Bélarus
![]() Photo: AFP/VIKTOR DRACHEV |
Les autorités du Bélarus serrent la vis à l'opposition. La justice du pays a condamné, jeudi, le leader de l'opposition, Alexandre Milinkevitch, à 15 jours de prison pour l'organisation mercredi d'une manifestation jugée non autorisée.
M. Milinkevitch a contesté les accusations, assurant avoir reçu l'accord pour manifester devant l'Académie des sciences de Minsk. Il a qualifié le procès de politique « typique d'un régime dictatorial ».

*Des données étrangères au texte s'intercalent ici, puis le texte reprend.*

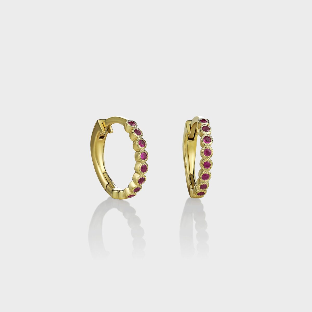חישוקי זהב 14k יפיפיים משובצים 16 אבני חן רובי באיכות מעולה. לוק סקסי משגע.
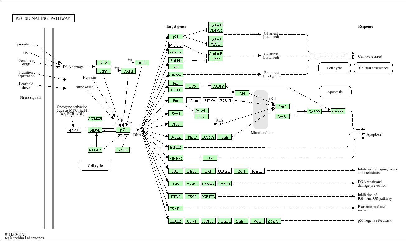 p53 activation is induced by a number of stress signals, including DNA damage, oxidative stress and activated oncogenes. The p53 protein is employed as a transcriptional activator of p53-regulated genes. This results in three major outputs; cell cycle arrest, cellular senescence or apoptosis. Other p53-regulated gene functions communicate with adjacent cells, repair the damaged DNA or set up positive and negative feedback loops that enhance or attenuate the functions of the p53 protein and integrate these stress responses with other signal transduction pathways.
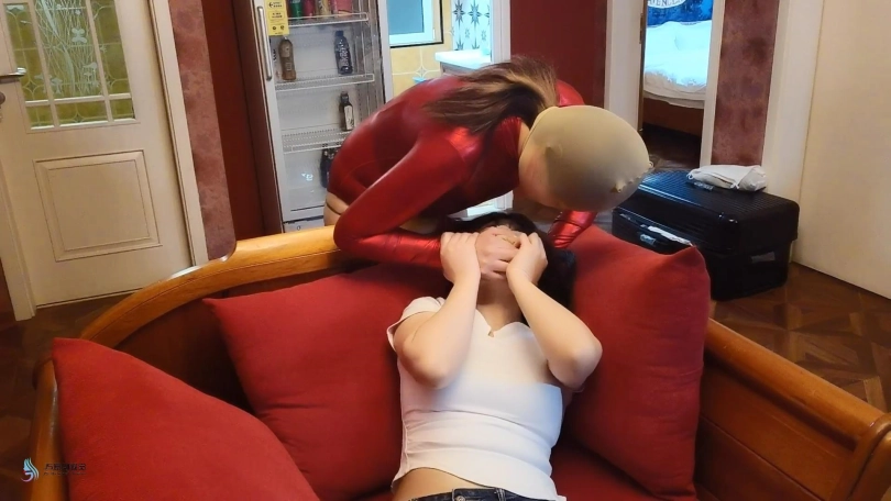 但女贼并没有停下的打算,她放开了女主,并给她穿上了一件拘束衣,眼睛被蒙着,嘴巴塞进一只口球。女贼再次用快乐棒和脚不断刺激摩擦着女主的下面。女贼牵着她在房间里来回走,并一边抽打着她。并再次将女主牵回房间床上。就在女贼想进项下一轮游戏时。一名蒙面男人闯了进来走后面抱住女贼,并将她迷晕。
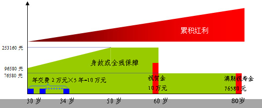 • 林先生,30周岁,公司管理人员,为自己投保20份“金玉人生”,选择60周岁为祝贺金 领取年龄,年交保费20000元,5年限交,基本保险金额76580元,红利累积生息。
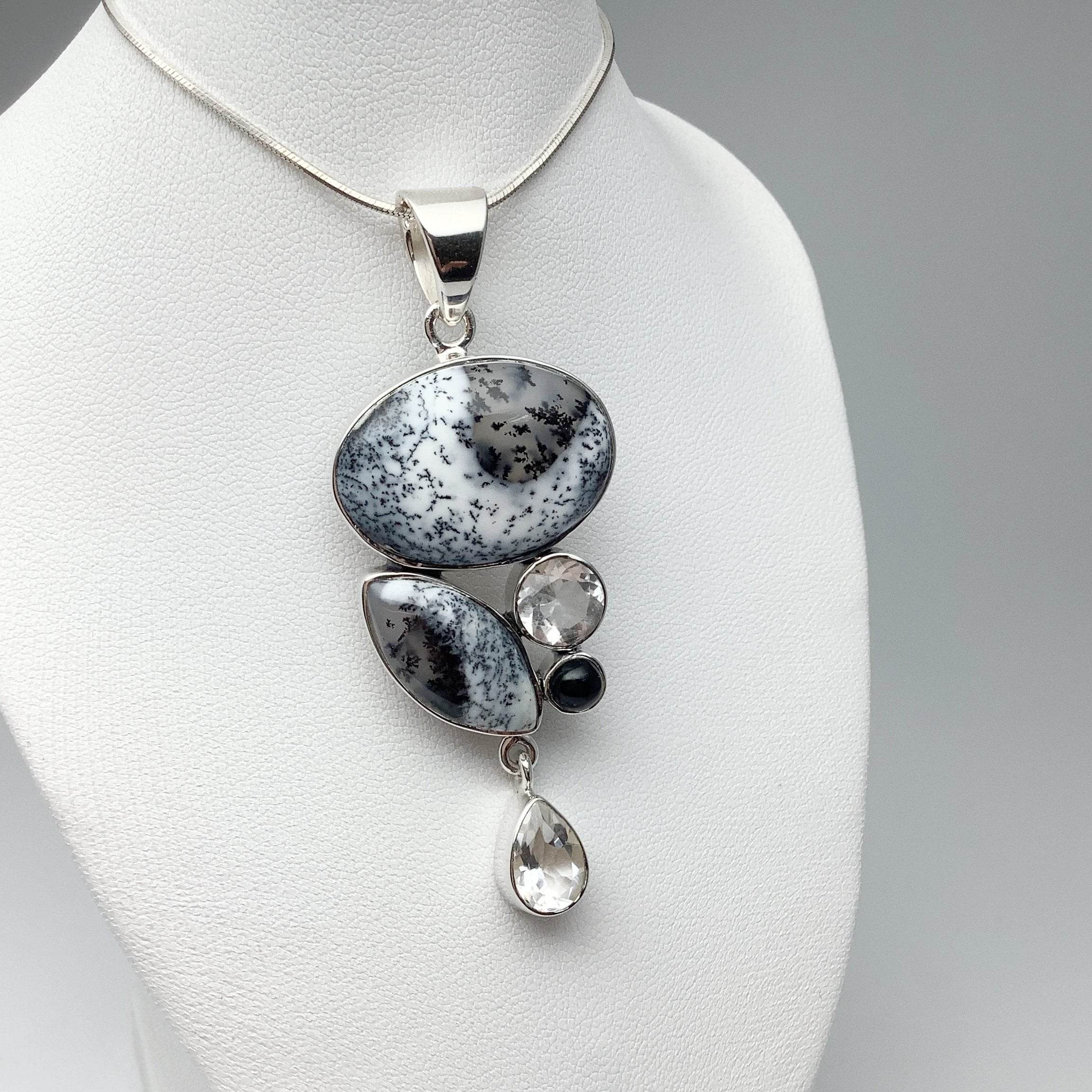 Dendritic Opal, Black Onyx and Clear Quartz Pendant
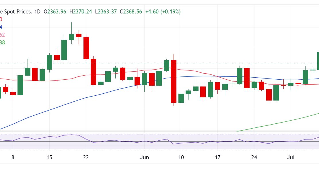 سطح 2,393 دلار به عنوان یک مقاومت کلیدی در نظر گرفته می شود و شکستن از این سطح می تواند نشانه دهنده روند صعودی بیشتر طلا به سمت بالاترین سطح تاریخی در قیمت 2,450 دلار باشد.
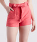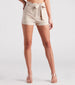 Chic and polished. these woven paperbag shorts will elevate your casual looks! They feature a high-rise paperbag waist with small slit accents at the front. a tie-front belt. front pockets. a cuffed hem. and a fitted silhouette. The smooth twill fabric offers a lightweight feel. Style with a crop top and denim jacket.
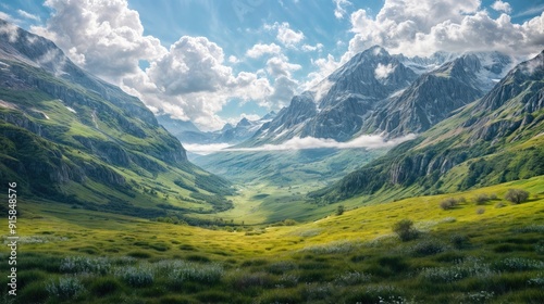 mountain, landscape, vale, sky, cloud, beautiful, green, grass, blue, honed, beauty, scenery, nature, summer, view, season, light, cloud, panorama, sunlight, environment, tour tourism, hill, peak, sunshine, high, hiking, forest, meadow, sunrise, travel, colours, scene, natural, ecology, scenic, spring, bright, cloudscape, outdoors, wally, sunny, morning, idylli, mountain
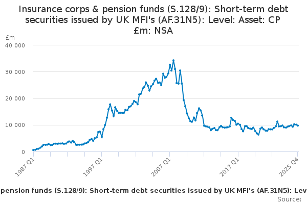 Download this time seriesInsurance corps & pension funds (S.128/9): Short-term debt securities issued by UK MFI's (AF.31N5): Level: Asset: CP £m: NSA
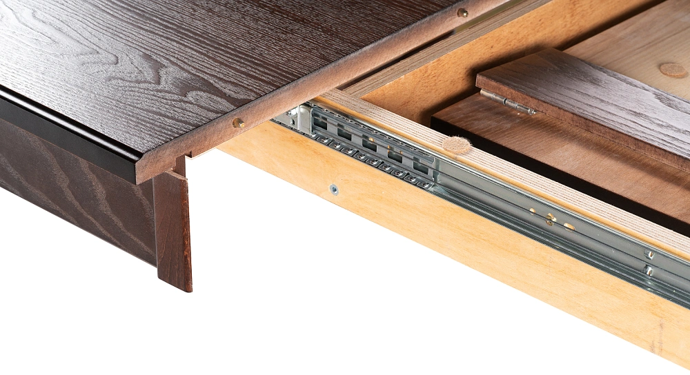 Толщина столешницы: 2 см. Материал каркаса - Массив бука; Материал ножек - Массив бука; Материал столешницы - Шпон / МДФ; Цвет каркаса - Орех; Цвет ножек - Орех; Цвет столешницы - Орех; Цвет подстолья - Орех; Ширина - 100; Высота - 76; Длина стола в разложенном виде - 260; Длина - 200;

Le chef du parti communiste, Sergueï Kaliakine, le responsable syndical Alexandre Boukhvostov et le chef du Front populaire bélarussien, Vintsouk Viatchorka, trois autres responsables de l'opposition, sont eux aussi poursuivis pour avoir participé à cette manifestation. Ils ont reçu des peines similaires.

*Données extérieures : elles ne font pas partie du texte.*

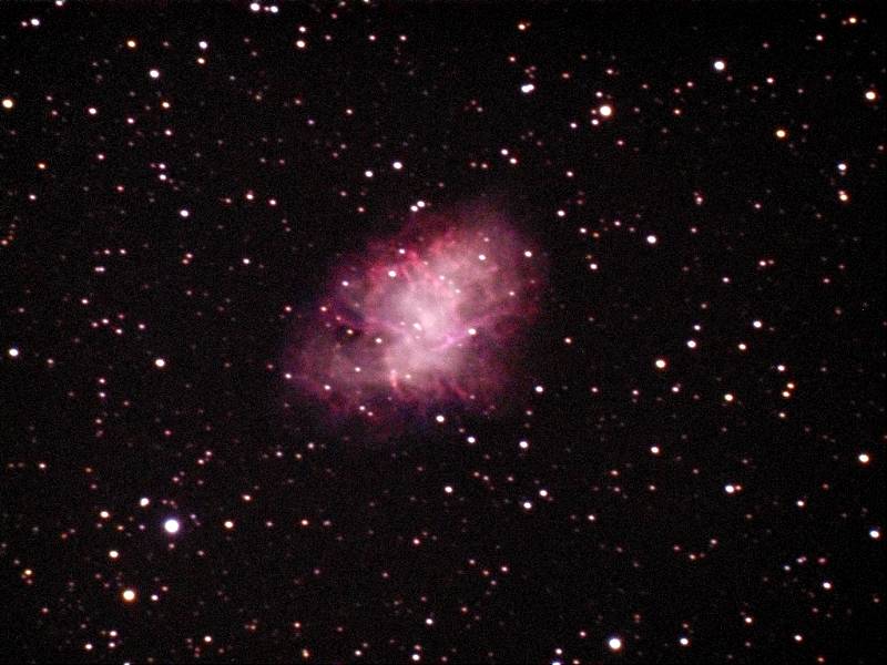 | 撮影メモ | 1054年の超新星の大爆発によって生じた星雲で、赤いフィラメント状の足が出ていることから、かに星雲と呼ばれています。 星雲外側に向かって無数の足が出ているのが分かります。 |
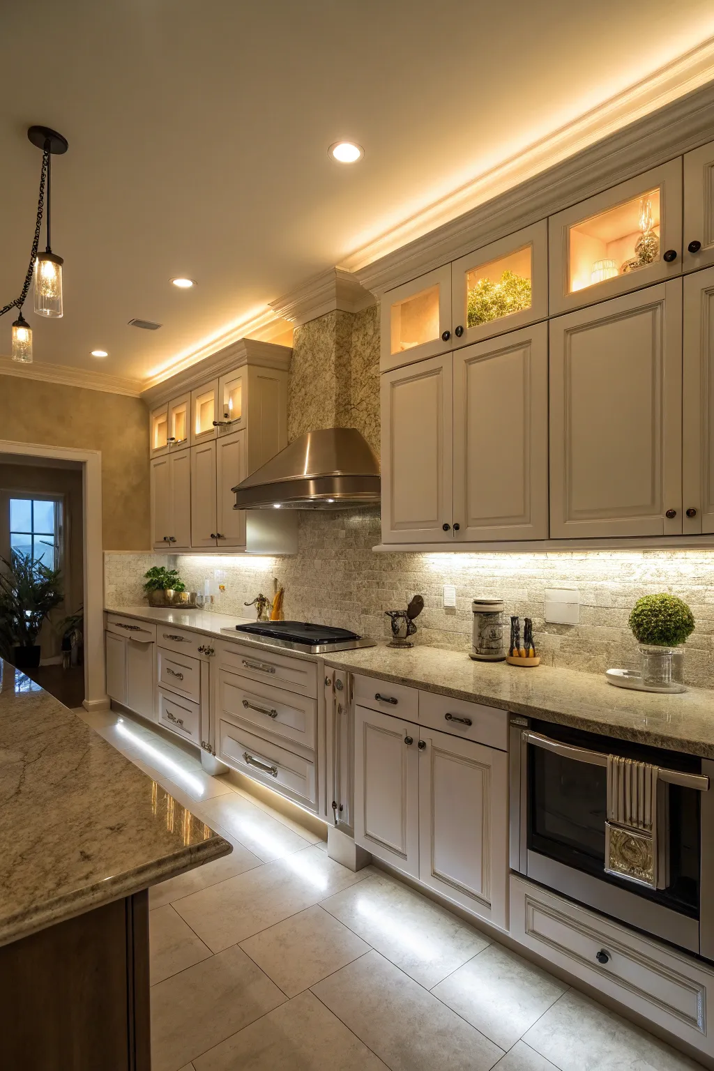 Pair faux crown molding with under-cabinet lights for a glowing kitchen vibe. I love how it adds both style and function in my kitchen.
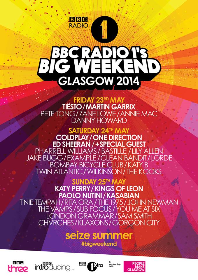 Le BBC Radio 1’s Big Weekend se tiendra les 23, 24 et 25 mai prochains à Glasgow, en Angleterre. Tiësto sera la vedette du vendredi, Coldplay sera la tête d’affiche de la journée du samedi alors que Katy Perry terminera celle du dimanche.
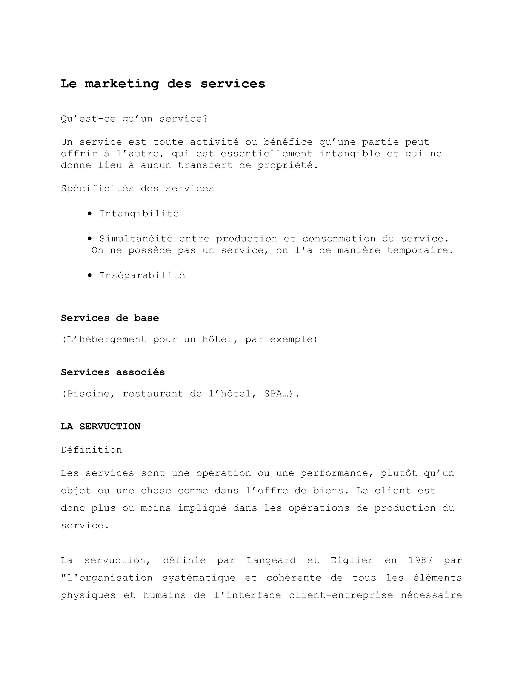 Le document traite du marketing des services, en définissant un service comme une activité intangible sans transfert de propriété et en explorant ses spécificités telles que l'intangibilité, la simultanéité de production et consommation, et l'inséparabilité. Il met également en lumière l'importance de la servuction, qui inclut l'organisation des éléments humains et physiques, et comment les écarts entre les attentes et la réalité du service peuvent affecter la qualité perçue par le client. Enfin, il évoque les stratégies de communication et de qualité qui aident à améliorer l'expérience client et à différencier les services offerts.

Une dizaine d'opposants et trois étudiants ukrainiens auraient aussi été arrêtés.
L'opposition bélarussienne avait saisi l'occasion du 20e anniversaire de la catastrophe nucléaire de Tchernobyl, qui a largement touché ce pays voisin de l'Ukraine, pour rassembler à Minsk plusieurs milliers de ses partisans.
Les réactions internationales n'ont pas tardé
Washington, par la voix de la secrétaire d'État, Condoleezza Rice, a qualifié l'emprisonnement d'Alexandre Milinkevitch de « répréhensible ».
Mme Rice a appelé les autorités bélarussiennes à agir « dans le cadre des principes internationalement reconnus » concernant le comportement à adopter à l'égard des opposants politiques.
De son côté, le secrétaire général de l'OTAN, Jaap de Hoop Scheffer, a appelé le gouvernement à libérer immédiatement M. Milinkevitch, jugeant le comportement du régime bélarussien « inacceptable ».
Le Canada a également condamné l'arrestation de M. Milinkevitch et exigé sa « libération immédiate ». « C'est là un autre exemple des mesures prises par le régime bélarussien pour réprimer la liberté et la démocratie dans ce pays », a déploré le ministre des Affaires étrangères, Peter MacKay.